Typically some of the subjects without the disorder have a few diagnostic criteria fulfilled and therefore can be a heterogeneous group for which a single class is not sufficient. The 7 classes in the 18% minority are then hard to find when analyzing everyone - the signals are drowned out by the heterogeneity among the majority.
anonymous posted on Tuesday, April 13, 2010 - 9:50 am
Thanks very much for your response. Since the class indicators are diagnoses (not diagnostic criteria), and the majority do not have these diagnoses, shouldn't the majority be a homogeneous group?

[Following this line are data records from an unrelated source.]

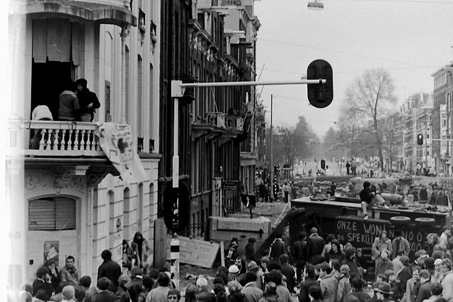De brug ligt vol klinkers en er zijn barricades opgeworpen op de hoek van de Roemer Visscherstraat. Hier geen overwinnings- roes. Eerder een opgefokte gespannenheid. Aan de gevel van het gekraakte pand hangt een buitgemaakte politiepet. Een groepje jongens praat, voor ons onhoorbaar, indringend in op een dronken maat die lallend achterover hangt. Een groep ineen gestrengelde figuren zit bij een olielamp naar een kleine transistorradio te luisteren. Een warm aangeklede jongen met een zwarte helm op zijn hoofd houdt ons tegen. ‘Wat komen jullie doen?’ ‘Kijken,’ antwoord ik. ‘Voor pottenkijkers hebben we geen plek. Wegwezen.’ Hij draait zich om. Hij is uitgepraat. Uit het groepje ineengestrengelde figuren maakt zich een gestalte los. Ik herken Tilt, een vrouw die ik ken uit het vrouwencafé. Ze klimt over de barricade en loopt een stukje met ons mee. ‘Ze zijn opgewonden de mannen, het testosteron giert ze door het lijf. Ze verwachten de ME, en willen lekker vechten, boys will be boys.’
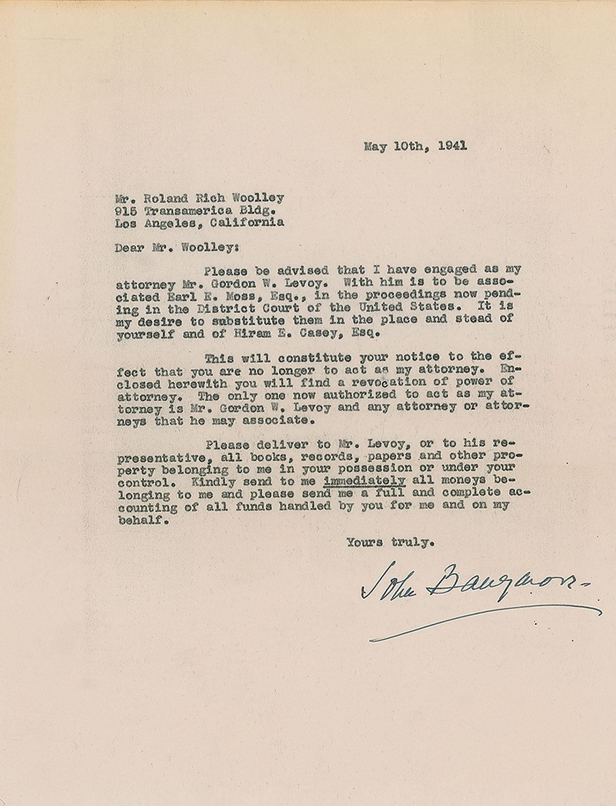 TLS, one page, 8.5 x 11, May 10, 1941. Letter to Roland Rich Woolley, in part: "Please be advised that I have engaged as my attorney Mr. Gordon W. Levoy. With him is to be associated Earl E. Moss, Esq., in the proceedings now pending in the District Court of the United States. It is my desire to substitute them in the place and stead of yourself and of Hiram E. Casey, Esq. This will constitute your notice to the effect that you are no longer to act as my attorney." In fine condition.
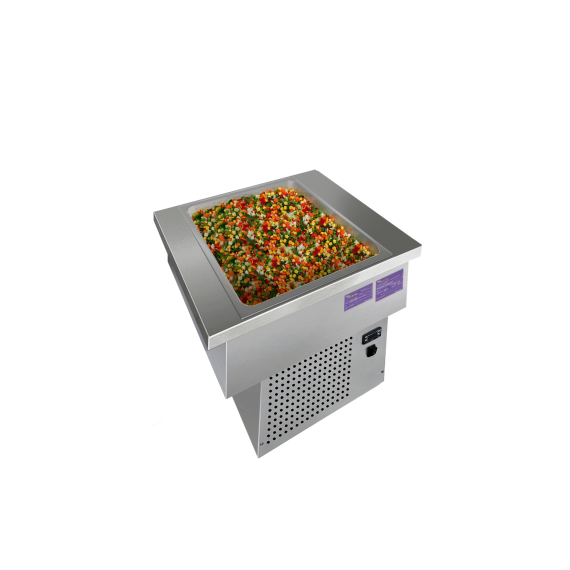 Встраиваемая холодильная ванна выполнена из высококачественной пищевой нержавеющей стали. Снабжена самостоятельной холодильной установкой.

I see, so the majority has zeros for all 6 variables. When you say "best solution" perhaps you are referring to BIC which might not point to 8 classes. Are you saying that you have tried using 8 classes for the total sample of 10K and the 7 non-zero classes are not the same 7 classes as for the subset of 2000 with disorders?
anonymous posted on Friday, April 16, 2010 - 7:19 pm
Yes, that's exactly correct. According to the BIC, the best solution in the subpopulation with psychiatric disorders (n=2000) is 7-classes, whereas the best solution in the entire sample (n=10,000), is 3 classes. In addition, when I examine 8 classes in the entire sample the model fails to converge. The log likelihood is not replicated, despite increasing random starts.